◆ **RECORDS SUPPLIED**:
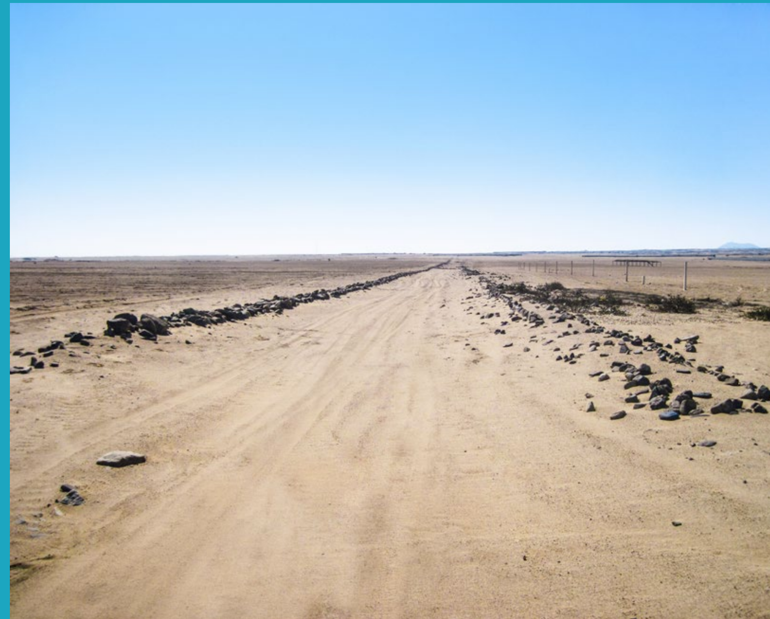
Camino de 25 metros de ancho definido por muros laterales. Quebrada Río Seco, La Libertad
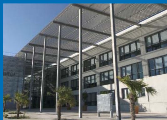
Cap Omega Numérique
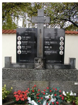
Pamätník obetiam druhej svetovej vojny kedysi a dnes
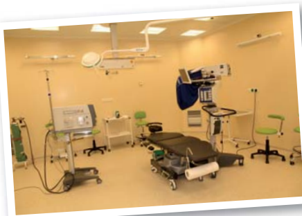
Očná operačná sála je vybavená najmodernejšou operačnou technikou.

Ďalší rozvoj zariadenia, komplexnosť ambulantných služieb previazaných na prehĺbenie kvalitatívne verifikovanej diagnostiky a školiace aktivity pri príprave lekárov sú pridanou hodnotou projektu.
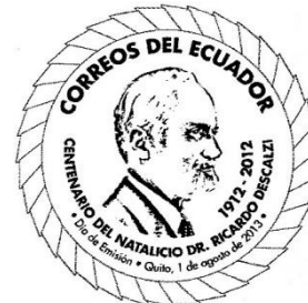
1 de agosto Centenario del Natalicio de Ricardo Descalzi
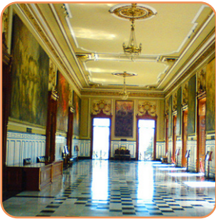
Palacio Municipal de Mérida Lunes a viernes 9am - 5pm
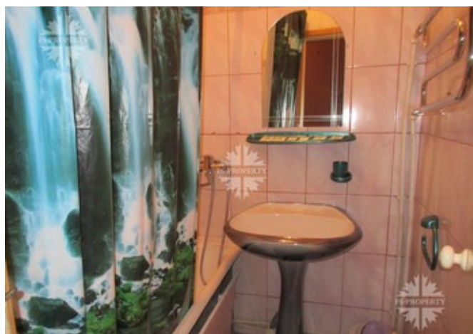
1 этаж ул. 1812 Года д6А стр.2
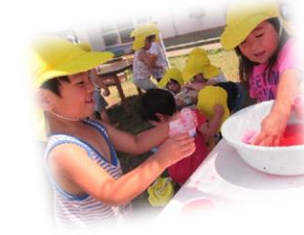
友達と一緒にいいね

---

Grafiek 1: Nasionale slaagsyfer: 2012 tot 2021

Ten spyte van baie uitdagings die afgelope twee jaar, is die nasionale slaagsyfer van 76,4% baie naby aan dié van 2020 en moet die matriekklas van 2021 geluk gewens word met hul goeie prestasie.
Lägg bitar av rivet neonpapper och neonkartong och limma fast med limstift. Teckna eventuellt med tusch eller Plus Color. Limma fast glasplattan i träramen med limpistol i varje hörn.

◆ **TASK TO COMPLETE**: Wherever a line in the listing contains the word "slaagsyfer", copy that line out.

◆ **RESULT BELOW**:
Grafiek 1: Nasionale slaagsyfer: 2012 tot 2021
Ten spyte van baie uitdagings die afgelope twee jaar, is die nasionale slaagsyfer van 76,4% baie naby aan dié van 2020 en moet die matriekklas van 2021 geluk gewens word met hul goeie prestasie.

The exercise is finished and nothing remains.